Recently, my colleague Rob Comer and I were talking about how to write out a number, in decimal, so that if it were read back into MATLAB, would retain its full precision. The question is how many digits to write out. The number depends on several things, including the datatype the value is stored in. In addition, it may depend on the precision of the value - i.e., was it data collected during an experiment in which only two significant figures were recorded? Today I'll post about the solution Rob and I came up with for choosing the number of digits so if you write out the data as a string, you can read it back in to MATLAB with full precision retained.
Contents
Create Some Values
Let's first create some values, both single and double versions of pi.
format long g dblpi = pi snglpi = single(pi)
dblpi =
3.14159265358979
snglpi =
3.141593
Figure Out Number of Digits
To figure out the number of digits to print, we need to know what the floating point accuracy, sometimes called eps for the number of interest.
eps(snglpi) eps(dblpi)
ans =
2.384186e-007
ans =
4.44089209850063e-016
As makes sense, we can see that the accuracy of the single precision value is larger than that for the "equivalent" double precision value. That means that the number next closest to the single precision value is farther away than the number next closest to the double precision value.
Number of Digits
We can use eps(x) to help us figure out how many digits to print after the decimal place. First find total number of digits, base 10:
log10(eps(snglpi)) log10(eps(dblpi))
ans =
-6.62266
ans =
-15.352529778863
To get to a positive number of digits, simply negate the results.

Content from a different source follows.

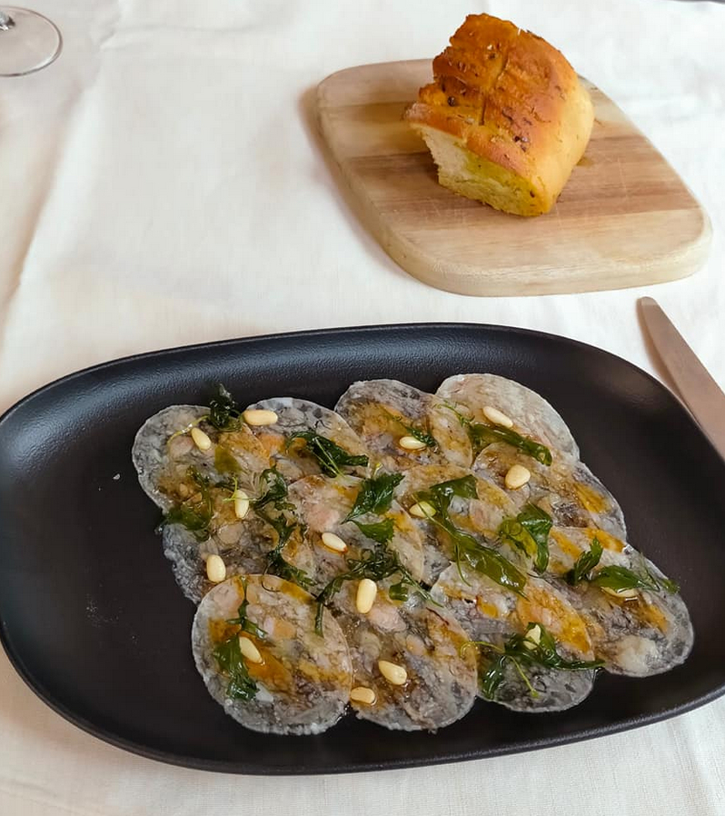 - Carpaccio de peu de porc amb pinyons i focaccia d'oli d'herbes - Deliciós.

-log10(eps(snglpi)) -log10(eps(dblpi))
ans =
6.62266
ans =
15.352529778863
And round up to get make sure we don't miss any accuracy.
ceil(-log10(eps(snglpi))) ceil(-log10(eps(dblpi)))
ans =
7
ans =
16
Let's convert the results to a string. We are taking advantage of the ability to control the number of digits using * in sprintf.
snglpistr = sprintf('%.*f', ceil(-log10(eps(snglpi))), snglpi) dblpistr = sprintf('%.*f', ceil(-log10(eps(dblpi))), dblpi)
snglpistr = 3.1415927 dblpistr = 3.1415926535897931
Now we've captured each value so if written out as a string, and read back into MATLAB, the accuracy is preserved.
Convert to a Function
Taking what we know for finding the number of digits, let's make a function that we can use to test it out.
digits = @(x) ceil(-log10(eps(x)));
printdigs = @(x) sprintf('%.*f', digits(x), x);Try Some Values
printdigs(pi) printdigs(2/3) printdigs(1000*pi) printdigs(pi/1000)
ans = 3.1415926535897931 ans = 0.6666666666666666 ans = 3141.5926535897929 ans = 0.0031415926535897933
Some Magic Now
Rob created the necessary magic for getting rid of trailing zeros after the decimal point, while leaving at least one digit to the right of the decimal.
x = 1/2000 str = printdigs(x) strout = stripzeros(str)
x =
0.0005
str =
0.0005000000000000000
strout =
0.0005
Let's try some more values. First create a function to help us again.
strippedStringValues = @(x) stripzeros(printdigs(x)); vals = [ 100/289, -1/17, 1/2000, 0, 500 -200, 123.4567] for k = vals strippedStringValues(k) end
vals =
Columns 1 through 2
0.346020761245675 -0.0588235294117647
Columns 3 through 4
0.0005 0
Columns 5 through 6
500 -200
Column 7
123.4567
ans =
0.34602076124567471
ans =
-0.058823529411764705
ans =
0.0005
ans =
0.0
ans =
500.0
ans =
-200.0
ans =
123.4567
Here's the magic code for stripping the zeros, for those who are interested.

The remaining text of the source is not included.